____ Dataset excerpts
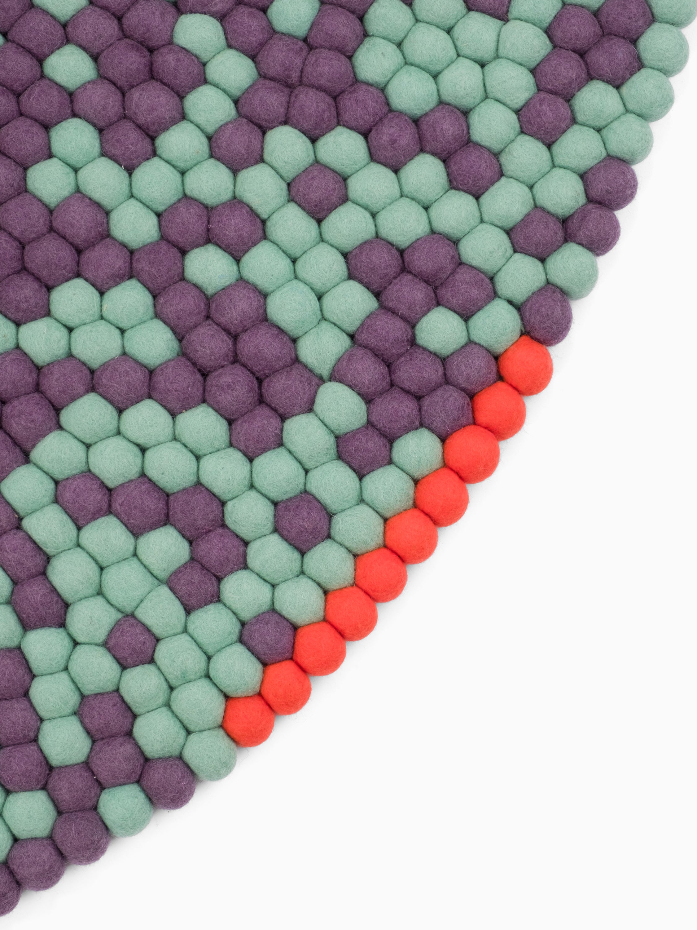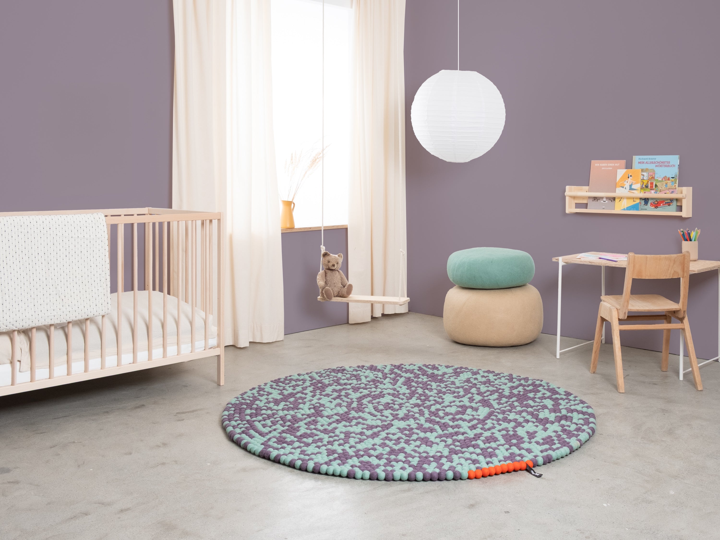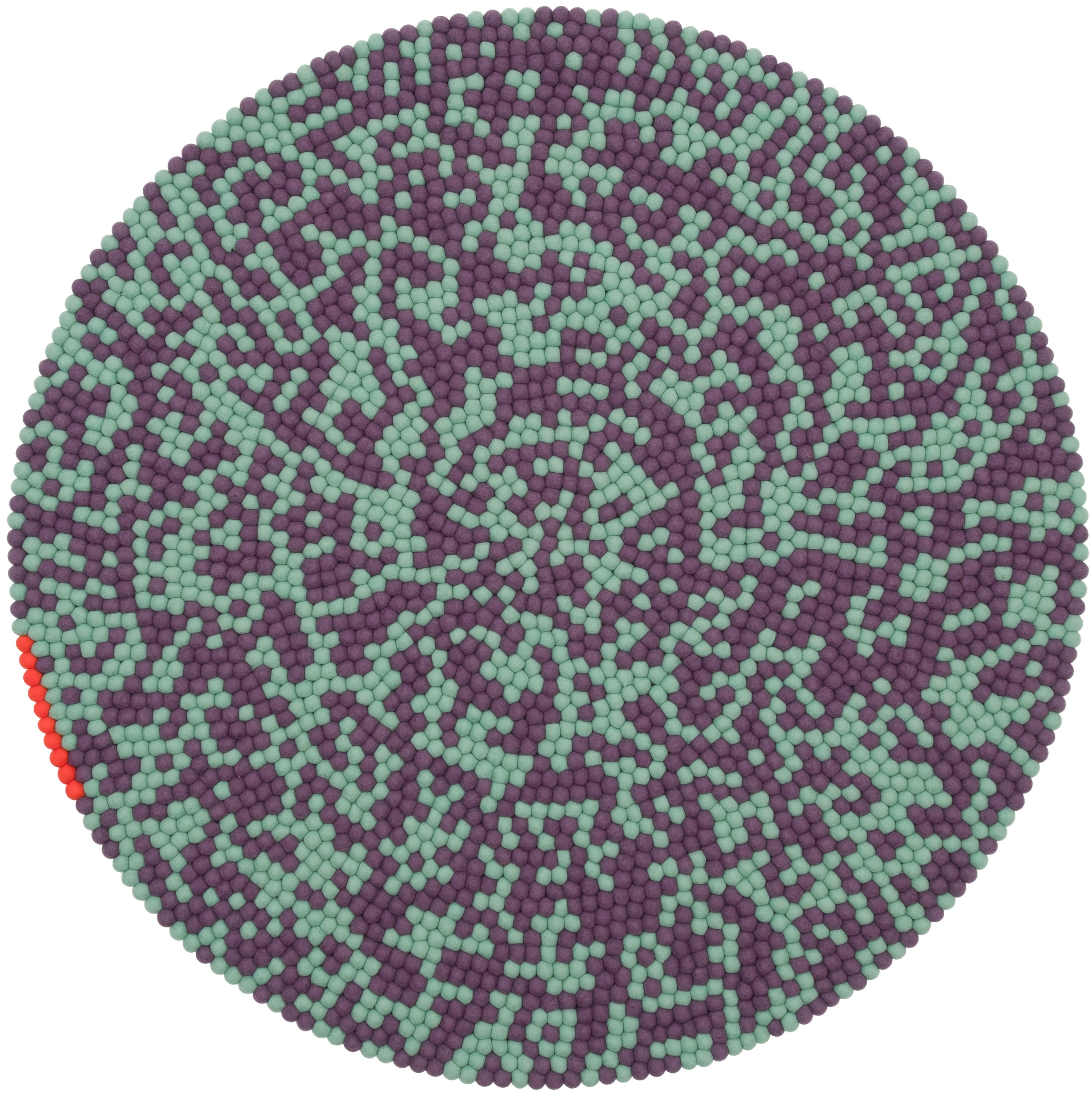 Sage green and plum violet: two tones creating movement. Clear. Cool. Open. A felt ball rug that lets rooms breathe. Robust, colorfast, and naturally dirt-repellent – ball by ball.
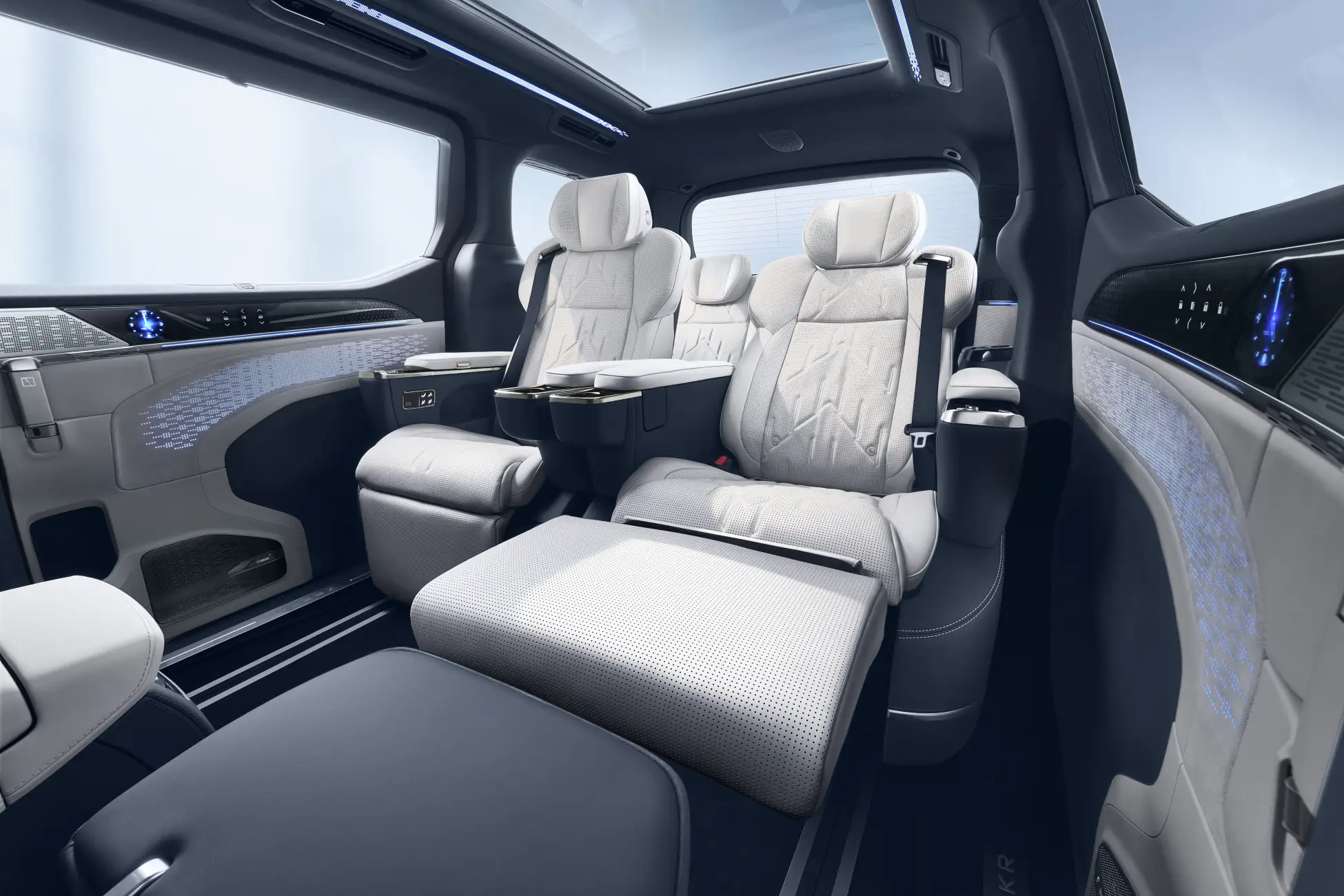 デザインは、元アウディのステファン・シーラフ率いるスウェーデンの「Zeekr Global Design Center(ジーカー・グローバル・デザインセンター)」が手がけ、洗練された北欧の流れを汲んだ車両に仕上げています。大型MPVでありながらCd値0.27という優れた空力性能を実現。存在感を放つ縦型フィン構造の大型フロントグリルや、1.47mに及ぶ一体型テールライトバーなど、プレミアムカーとしての風格と先進性を両立しています。
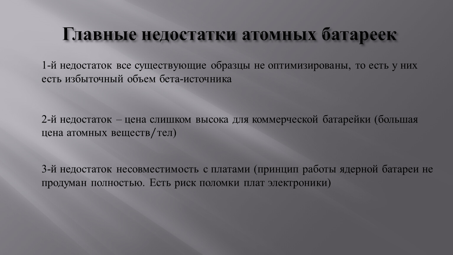 3-й недостаток несовместимость с платами (принцип работы ядерной батареи не продуман полностью. Есть риск поломки плат электроники)
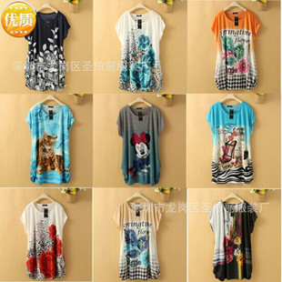 夏季新款中老年女裝 夏裝休閑大碼女裝冰絲印花T恤媽媽裝地?cái)傌浽?/span> /
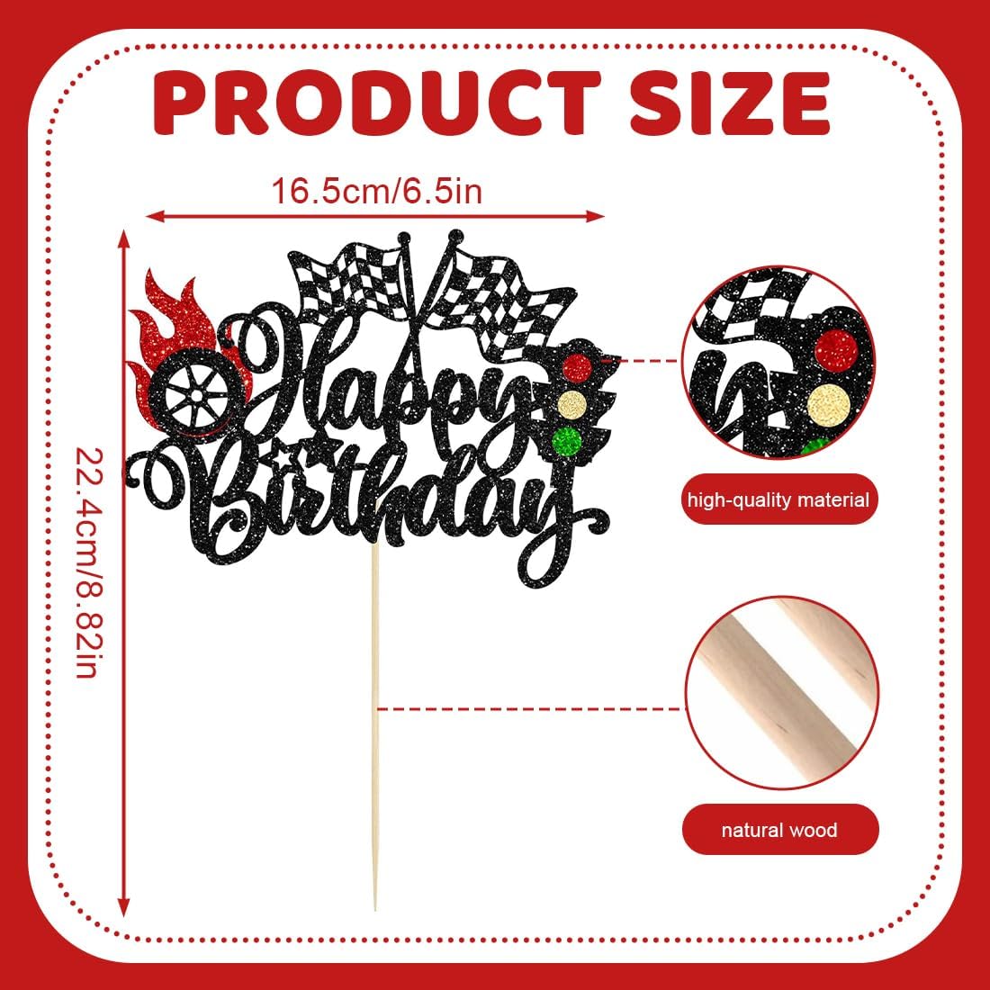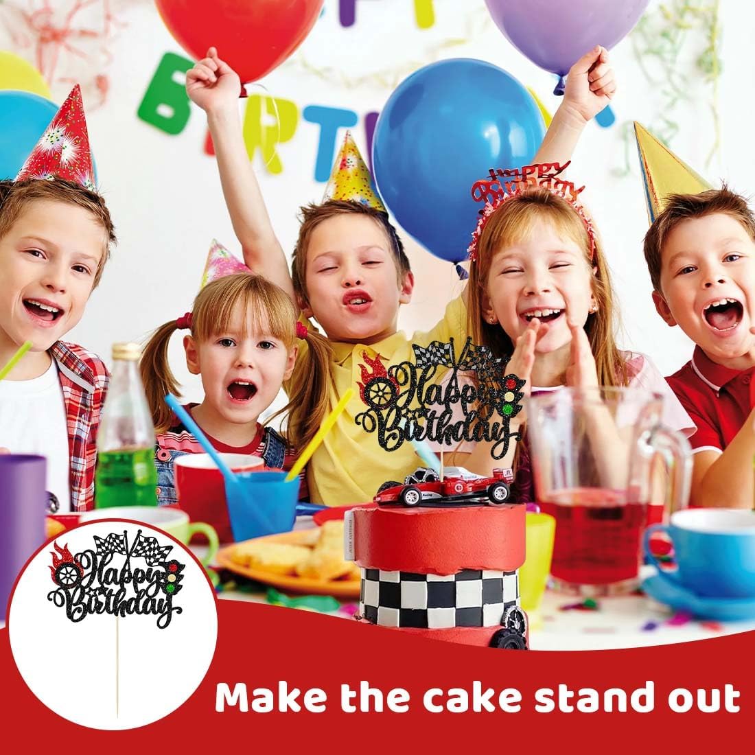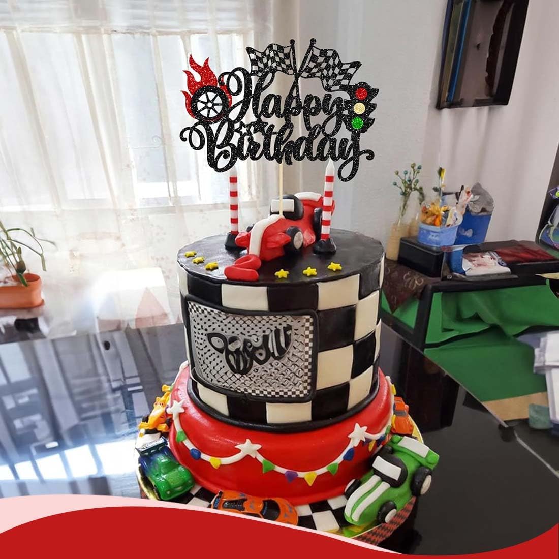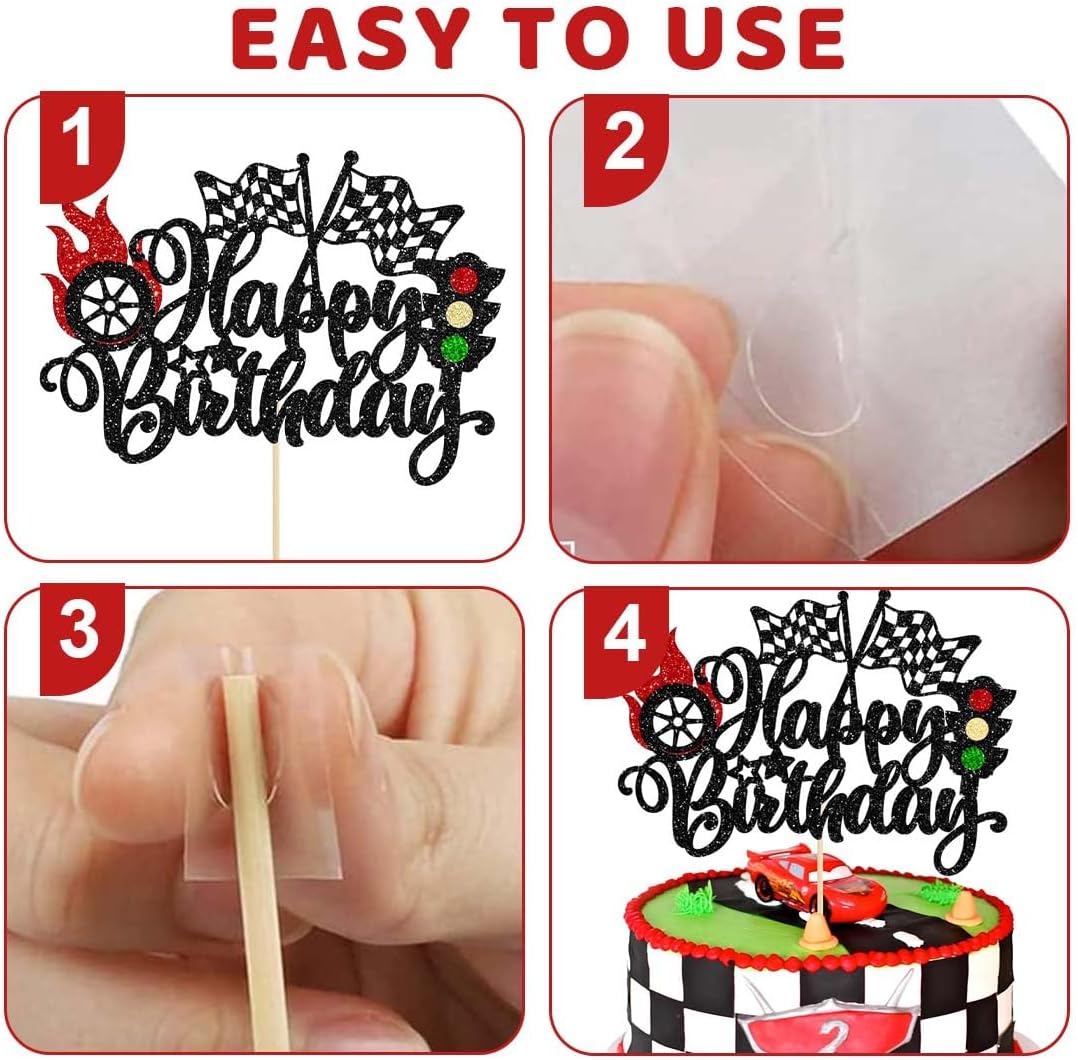 Crea un compleanno memorabile a tema corse. Questo cake topper porta azione e velocità in tavola! Perfetto per una festa di compleanno per bambini a tema corse, conquisterà sicuramente anche i più piccoli appassionati di auto. SET COMPLETO DI BANDIERE E DECORAZIONI: Questo cake topper include una bandiera da corsa, una decorazione con la scritta "Happy Birthday" e altri elementi da corsa, tutto in un unico pacchetto, per una decorazione per torta coerente e uniforme. FACILE DA USARE - Pronto all'uso. Non richiede colla o lavori manuali! Basta inserire gli elementi nella torta o nei cupcake e la tua pista da corsa è pronta. UNISEX. Perfetto per compleanni per bambini, baby shower, feste per bambini o altre feste a tema. Il design dinamico delle auto da corsa delizierà sicuramente sia i bambini che le bambine. MATERIALE SICURO E DI ALTA QUALITÀ: Realizzato in cartone resistente e plastica per alimenti, è robusto, sicuro per i bambini ed ecologico. Maneggiare con cura e riutilizzare facilmente.
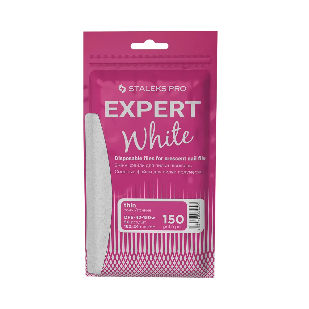 Пилочка - важливий інструмент для майстра манікюру та педикюру. За стандартами сучасного вона повинна бути не тільки продуктивною, а й гігієнічною. Для цього на ринку з`явився революційний винахід - одноразовий абразив, абсолютно новий для кожного клієнта. EXPERT 42 - великий набір тонких змінних файлів у формі півмісяця. Легко надягаючи на відповідну основу, вони дозволяють швидко приступити до роботи та залишають сервіс безпечним при великому потоці клієнтів. Абразив справляється із завданням продуктивно та якісно, а потім – одразу утилізується. Особливості продукту: Набір змінних файлів БІЛІ (50шт) для пилки півмісяць 150 грит EXPERT 42 (DFE-42-150w) STALEKS PRO Переваги білих змінних файлів: Набір змінних файлів БІЛІ (50шт) для пилки півмісяць 150 грит EXPERT 42 (DFE-42-150w) STALEKS PROНабір змінних файлів БІЛІ (50шт) для пилки півмісяць 150 грит EXPERT 42 (DFE-42-150w) STALEKS PRO
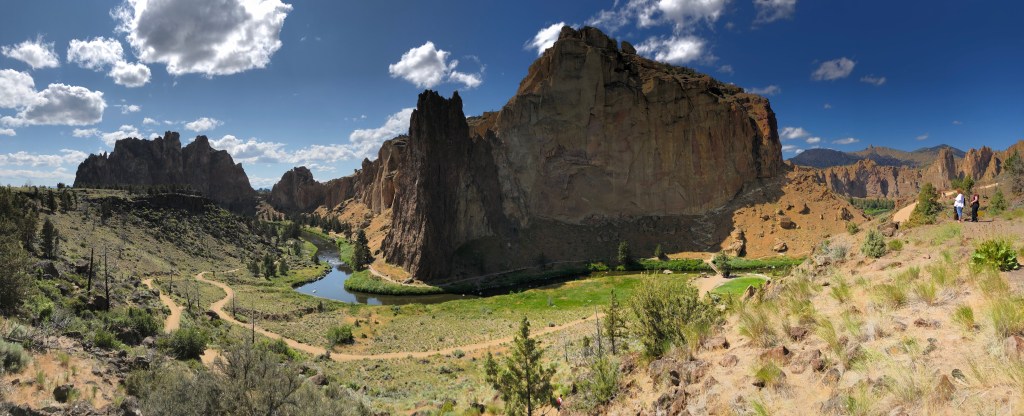Though he has lived in Oregon for decades, I was astonished to hear that he had not heard of Smith Rock. Not famous for him, I guess. This place is considered the birthplace of sport climbing, and is famous around the world for rock climbers. If you don’t climb rocks, it’s just a magnificently beautiful place. I’ll include a photo I took years ago when Kellen was there studying the area with their geology class from Oregon State University.
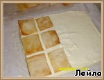 Нарезать тесто на квадратики. Лист кулинарного пергамента положить на форму, на пергамент выложить квадратики. Накрыть вторым листом пергамента и прижать их второй формой, чтобы при выпекании они не поднимались.
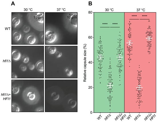 One distinctive characteristic of Cryptococcus among fungal pathogens lies in its polysaccharide capsule, which plays a role in countering the host immune system. Investigation of capsule formation using India ink staining following growth in RPMI 1640 medium revealed that the hfi1Δ strain has a smaller capsule than wild-type (Figure 3A). Significant differences (p-value < 0.0001) were observed between the hfi1Δ strain and the wild-type at both 30 °C and 37 °C (Figure 3B).
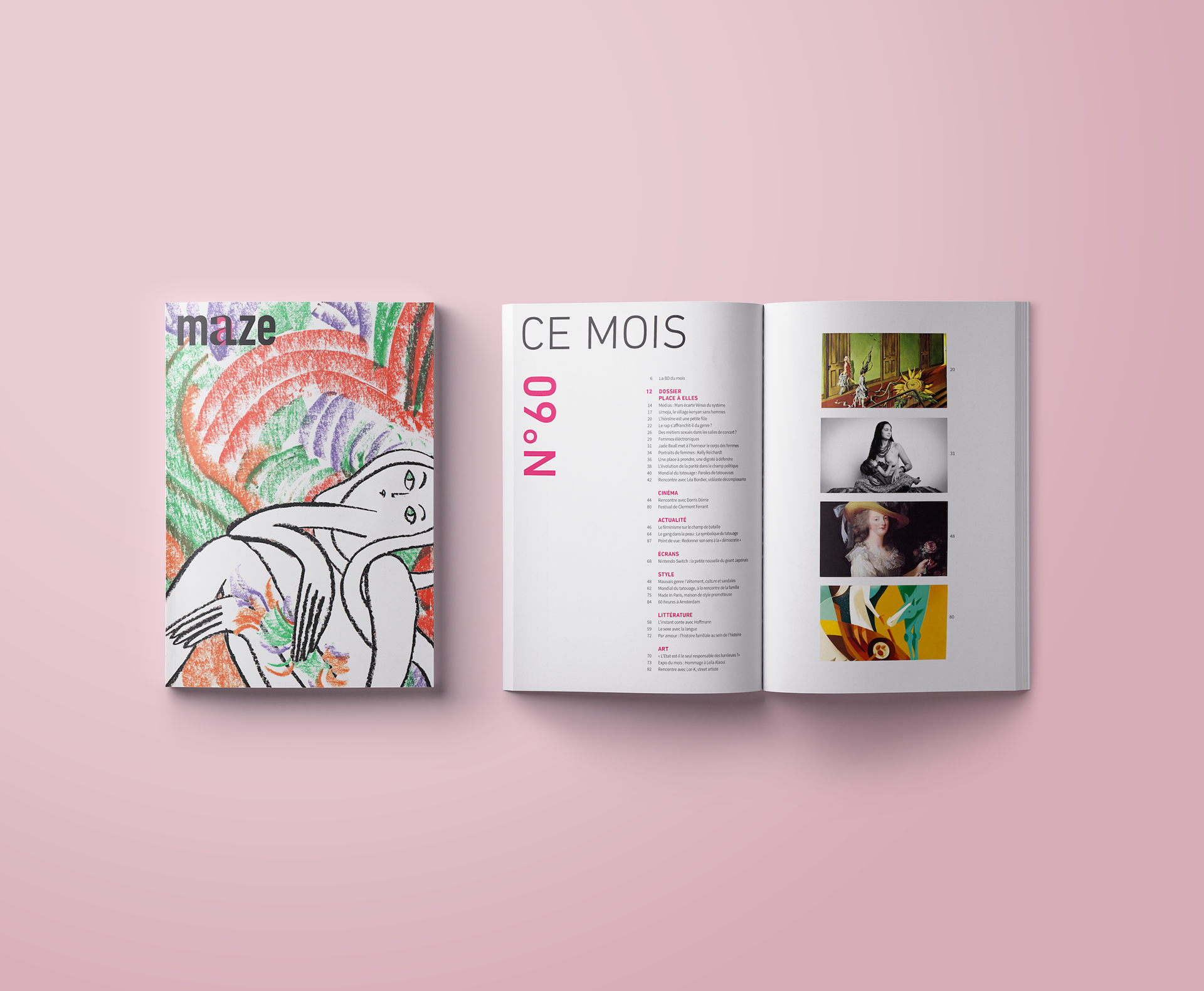 , conception des maquettes flexibles, mise en page, et commande ou réalisation d'illustrations et photos de couverture.
________
Problem requirements.
Copy word for word the lines of the records above from the one with "デザインは、元アウディのステファン・シーラフ率いるスウェーデンの「Zeekr Global Design" up to and including the one with "Crea un compleanno". Skip the pictures.

Answer for this exercise.
 デザインは、元アウディのステファン・シーラフ率いるスウェーデンの「Zeekr Global Design Center(ジーカー・グローバル・デザインセンター)」が手がけ、洗練された北欧の流れを汲んだ車両に仕上げています。大型MPVでありながらCd値0.27という優れた空力性能を実現。存在感を放つ縦型フィン構造の大型フロントグリルや、1.47mに及ぶ一体型テールライトバーなど、プレミアムカーとしての風格と先進性を両立しています。
 3-й недостаток несовместимость с платами (принцип работы ядерной батареи не продуман полностью. Есть риск поломки плат электроники)
 夏季新款中老年女裝 夏裝休閑大碼女裝冰絲印花T恤媽媽裝地?cái)傌浽?/span> /
 Crea un compleanno memorabile a tema corse. Questo cake topper porta azione e velocità in tavola! Perfetto per una festa di compleanno per bambini a tema corse, conquisterà sicuramente anche i più piccoli appassionati di auto. SET COMPLETO DI BANDIERE E DECORAZIONI: Questo cake topper include una bandiera da corsa, una decorazione con la scritta "Happy Birthday" e altri elementi da corsa, tutto in un unico pacchetto, per una decorazione per torta coerente e uniforme. FACILE DA USARE - Pronto all'uso. Non richiede colla o lavori manuali! Basta inserire gli elementi nella torta o nei cupcake e la tua pista da corsa è pronta. UNISEX. Perfetto per compleanni per bambini, baby shower, feste per bambini o altre feste a tema. Il design dinamico delle auto da corsa delizierà sicuramente sia i bambini che le bambine. MATERIALE SICURO E DI ALTA QUALITÀ: Realizzato in cartone resistente e plastica per alimenti, è robusto, sicuro per i bambini ed ecologico. Maneggiare con cura e riutilizzare facilmente.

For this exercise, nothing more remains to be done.